■ YOUR INSTRUCTIONS: Beginning with the line below that contains "Fashion GKTINOO Spring" and ending with the line that contains "可无限次乘坐Osaka Metro、大阪City Bus全线(部分路线除外)、主要大阪市区的阪急、阪神、京阪、近铁和南海电铁。", retype every line exactly. Pictures are not copied.

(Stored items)
--------------------------------------------------
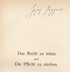Das Recht zu leben und die Pflicht zu sterben. Socialphilosophische Betrachtungen.Dresden, Reissner, 1903. Or.-Ln.XII, 245 S.+ 3 S.Anz.3., veränd.Aufl., mit neuem Vorwort d.Verf.Vortitel vom Autor signiert.Band etw.fleckig, Innendeckel m.Exlibris. |
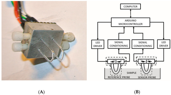 (A) Sensor head with two sensors, the reference and the functionalized with antibody. (B) Schematic diagram of the optoelectronic setup.
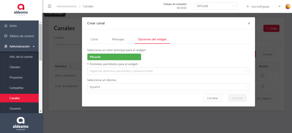 - Dominios permitidos para el widget: Serán los dominios en los que se podrá configurar tu canal LiveChat.
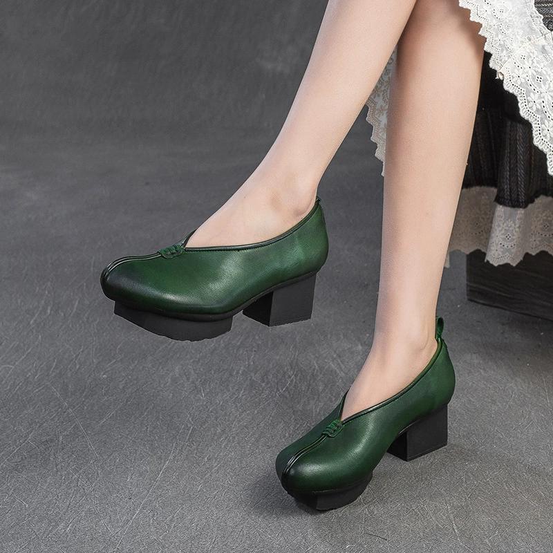Fashion GKTINOO Spring Autumn Ethnic Style Round Toe High Heels Mom Shoes Cowhide Platform Retro Genuine Leather Pumps Women's Shoes
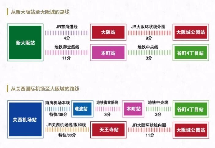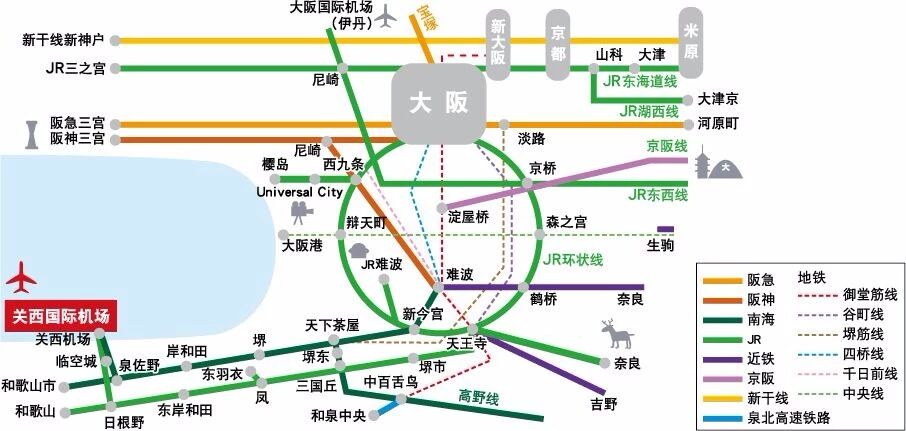可无限次乘坐Osaka Metro、大阪City Bus全线(部分路线除外)、主要大阪市区的阪急、阪神、京阪、近铁和南海电铁。
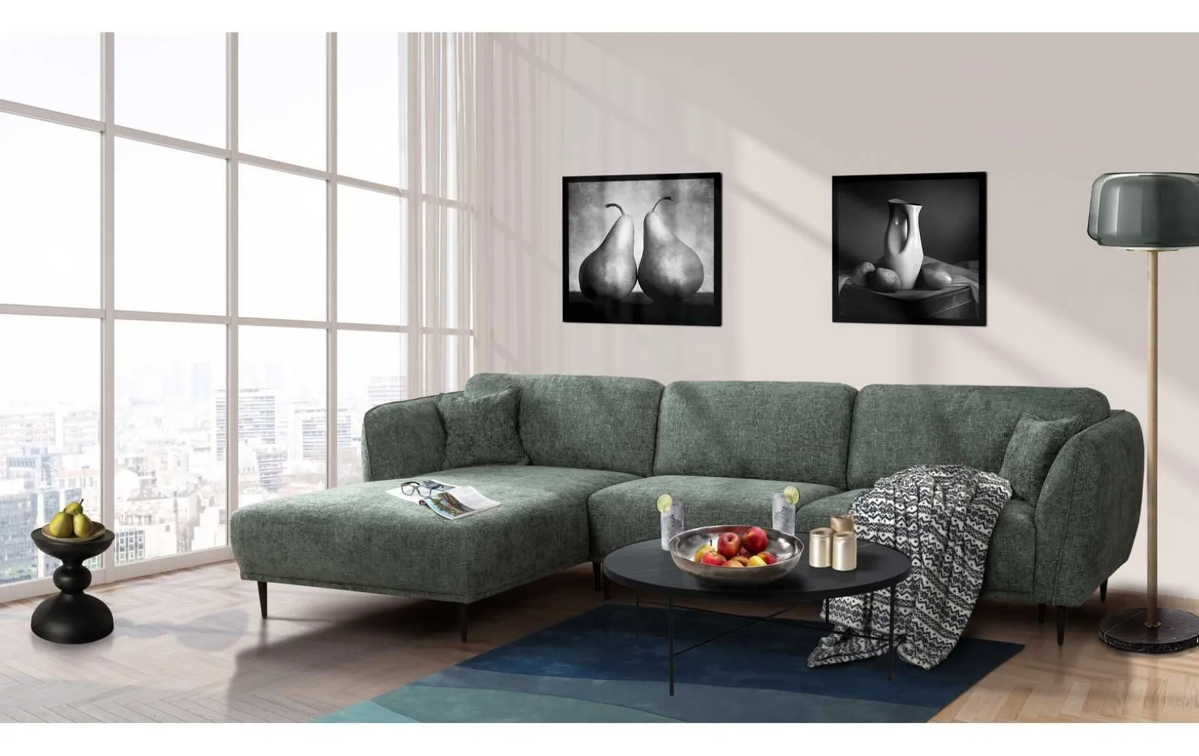 Modernes Sofa mit hohen Füßen – das Ecksofa überzeugt mit einem schicken Design. Eine rundliche Form mit gut gepolsterten Rückenlehnen in Kissen-Optik und zwei Zierkissen sorgt für einen sehr gemütlichen Look. An den Armlehnen befindet sich eine dekorative Kedernaht. die hohen Metallfüße sind optisch sehr ansprechend und bieten genug Freiraum unter dem Sofa. Die Polsterecke ist ein eleganter Blickfang, der Ihnen einen hohen Sitzkomfort bietet.
--------------------------------------------------
■ OUTPUT BELOW:
Fashion GKTINOO Spring Autumn Ethnic Style Round Toe High Heels Mom Shoes Cowhide Platform Retro Genuine Leather Pumps Women's Shoes
可无限次乘坐Osaka Metro、大阪City Bus全线(部分路线除外)、主要大阪市区的阪急、阪神、京阪、近铁和南海电铁。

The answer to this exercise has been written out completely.